- **Available records**:

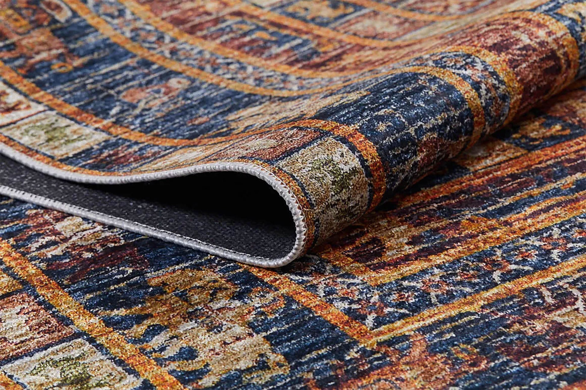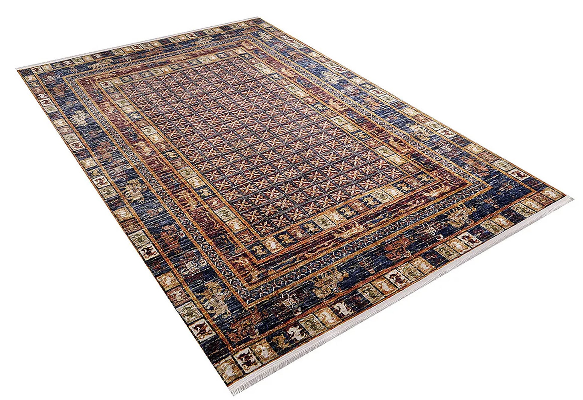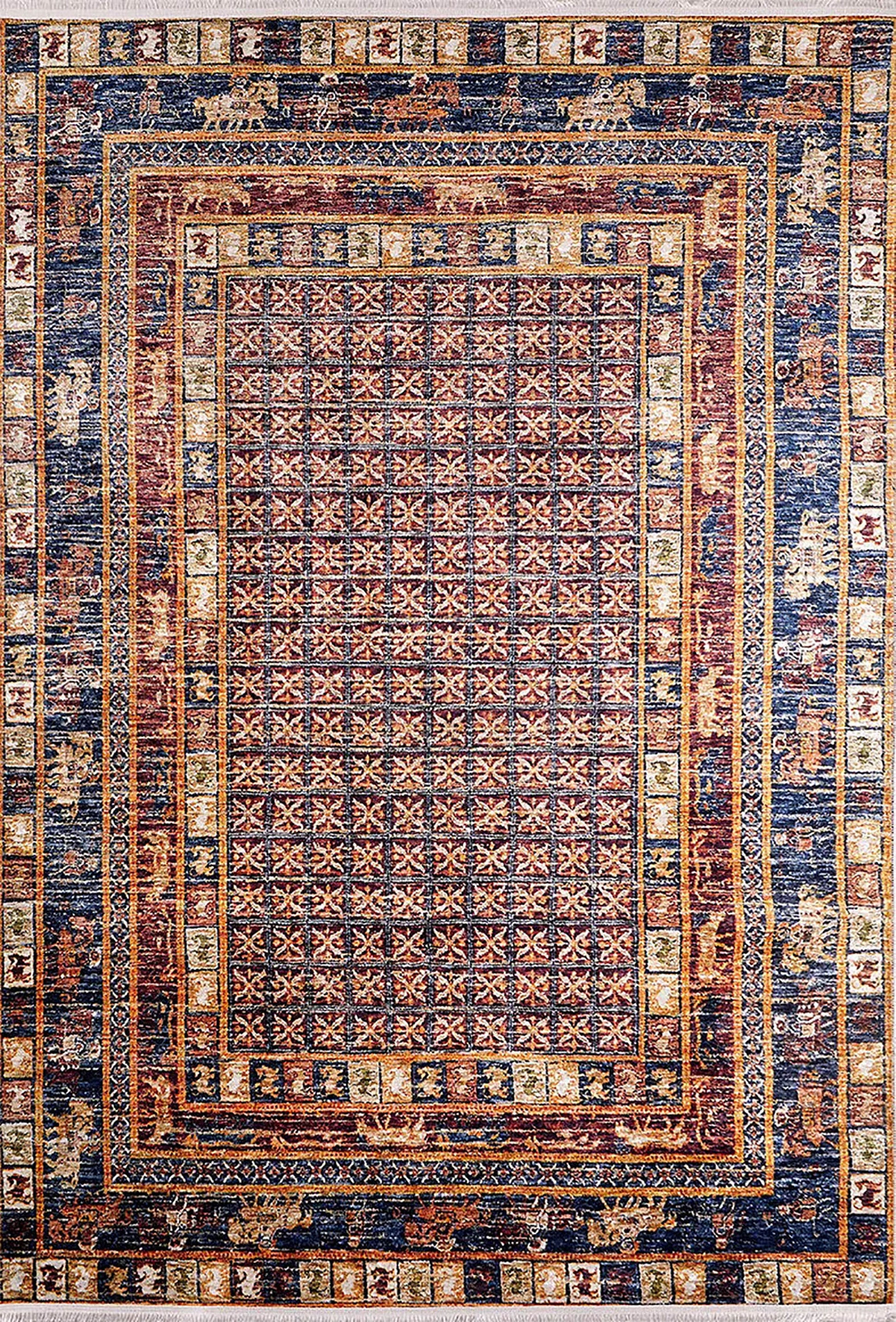 Geleneksel motiflerin zenginliğiyle evinize otantik ve derin bir atmosfer katın. Lacivert, bordo ve sarı tonlarını birleştiren, karmaşık ve detaylı geleneksel (etnik) desenlere sahiptir. Halının çevresinde ve bordürlerinde otantik figürler ve motifler yer almaktadır. Klasik, geleneksel, rustik veya eklektik tarzı dekorasyonlu mekanlar için güçlü bir odak noktası oluşturur.
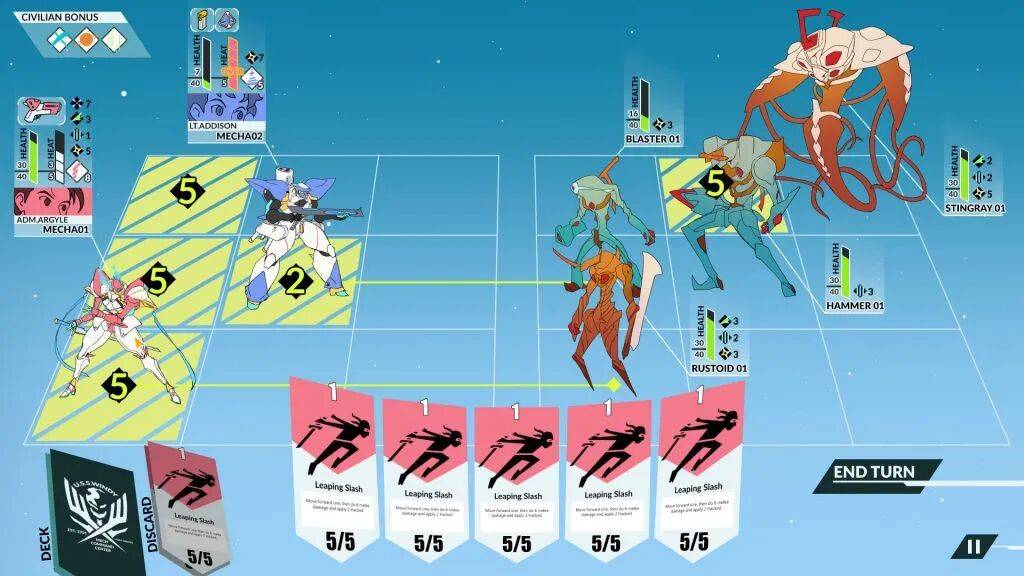 汤姆:《Battle Suit Aces》最初其实是一款六边形网格战术游戏,所以我们做了大量原型测试!我们一直希望打造一个简洁的系统,但花了很长时间才确定能量机制、选牌规则以及卡牌的实际意义。有一段时间,卡牌设定为少数机甲的专属武器,后来我们意识到每张卡牌都可以代表一名驾驶机甲的飞行员 —— 这是一个重大突破。围绕角色构建游戏的思路,我们觉得非常契合。对十几种不同的卡牌系统进行原型开发和玩法测试,大概花了一年时间!
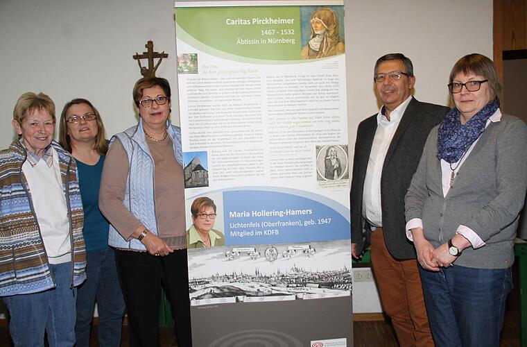 Deshalb wurde die Ausstellung auf Initiative von Maria Hollering-Hamers, der Sprecherin des Aktionsbündnisses der Lichtenfelser Frauengruppen, um ein Roll-Up erweitert, auf dem das Leben der Nürnberger Äbtissin Caritas Pirckheimer beleuchtet wird. Im Unterschied zu den Frauen der Reformation wählte Pirckheimer einen anderen Weg. "Sie setzte sich intensiv mit der neuen Lehre auseinander und stimmte in vielen mit den reformatorischen Gedanken überein. Trotzdem entschied sie sich, beim "alten Glauben" zu bleiben - als katholische Nonne", erläutert Hollering-Hamers.
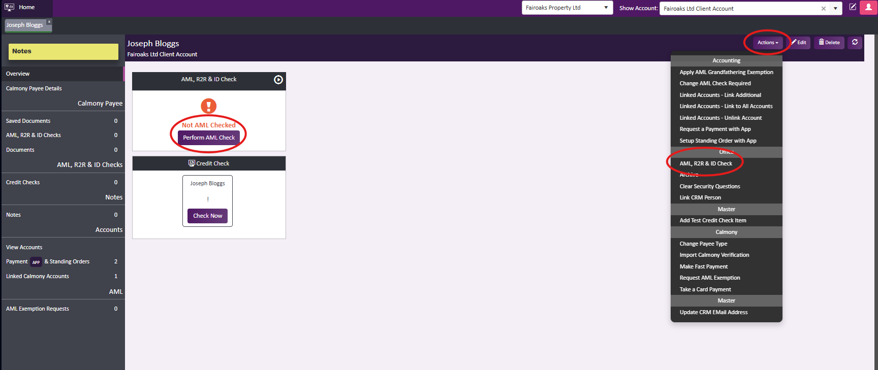 There are multiple ways to begin the check. You'll find the option under the Action in the top right of a person's profile, then 'AML, R2R & ID Check'. Alternatively, you can just click the 'Perform Check' button on the AML Widget;
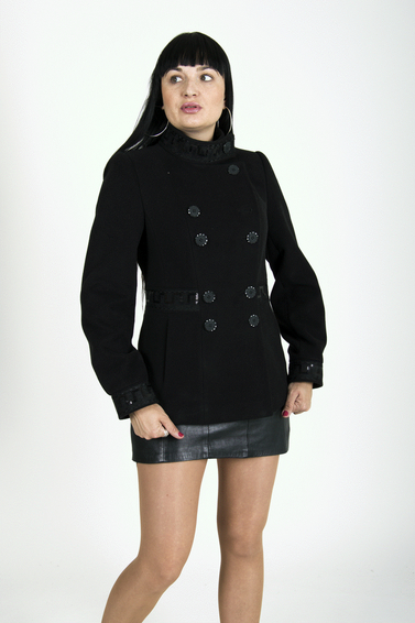 А эта модель просто разрывает все шаблоны. Судите сами. Казалось бы, почти классика: втачной рукав, чёрный цвет и длина чуть выше колена. Но при этом изысканная муаровая ткань на рукавах и кокетке, карманы листочки и отсутствие воротника, что красиво обрисовывает линию шеи и груди.
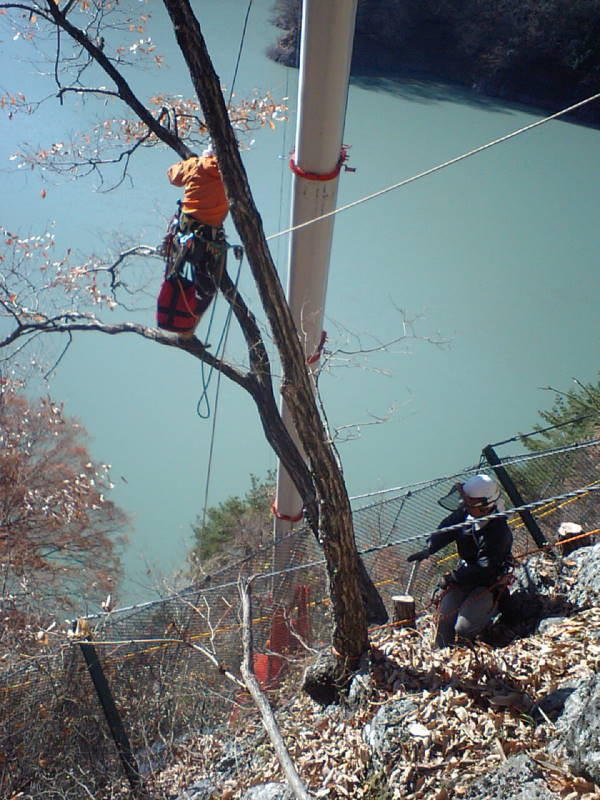ロープを使ったツリークライミング(R)の技術も導入して日々技術向上、安全性と効率アップに努めています。
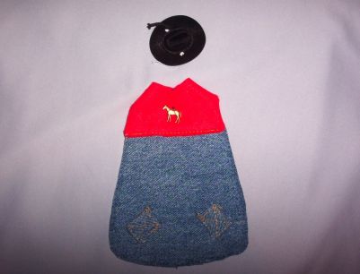 All of my items are my own design and pattern. This is a cute little idea was Cowboy Inspired. It has real and functional jean pockets, a horse charm and a black cowboy hat. The Coat is approx 7" from behind the ratties neck to the tail and the waist is approx. 8 1/4" and will stretch just a bit and closes with velcro under the rat's waist. The hat stays on the rattie's head with elastic.
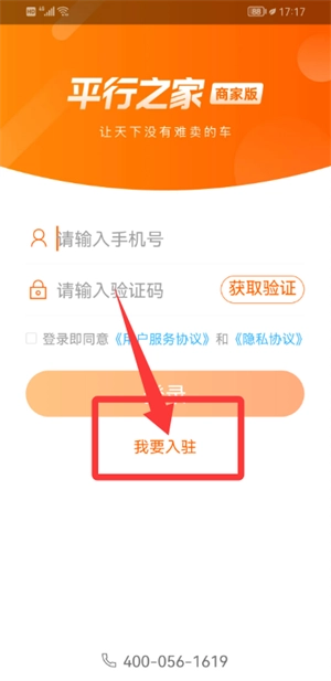 3、跳转至在登录界面时,点击"申请入驻"功能按钮。

- **Exercise prompt**: Starting at the line that contains "А эта модель" and ending at the final line of the data, reproduce each line exactly. Pictures stay out of the copy.

- **Response**:
 А эта модель просто разрывает все шаблоны. Судите сами. Казалось бы, почти классика: втачной рукав, чёрный цвет и длина чуть выше колена. Но при этом изысканная муаровая ткань на рукавах и кокетке, карманы листочки и отсутствие воротника, что красиво обрисовывает линию шеи и груди.
ロープを使ったツリークライミング(R)の技術も導入して日々技術向上、安全性と効率アップに努めています。
 All of my items are my own design and pattern. This is a cute little idea was Cowboy Inspired. It has real and functional jean pockets, a horse charm and a black cowboy hat. The Coat is approx 7" from behind the ratties neck to the tail and the waist is approx. 8 1/4" and will stretch just a bit and closes with velcro under the rat's waist. The hat stays on the rattie's head with elastic.
 3、跳转至在登录界面时,点击"申请入驻"功能按钮。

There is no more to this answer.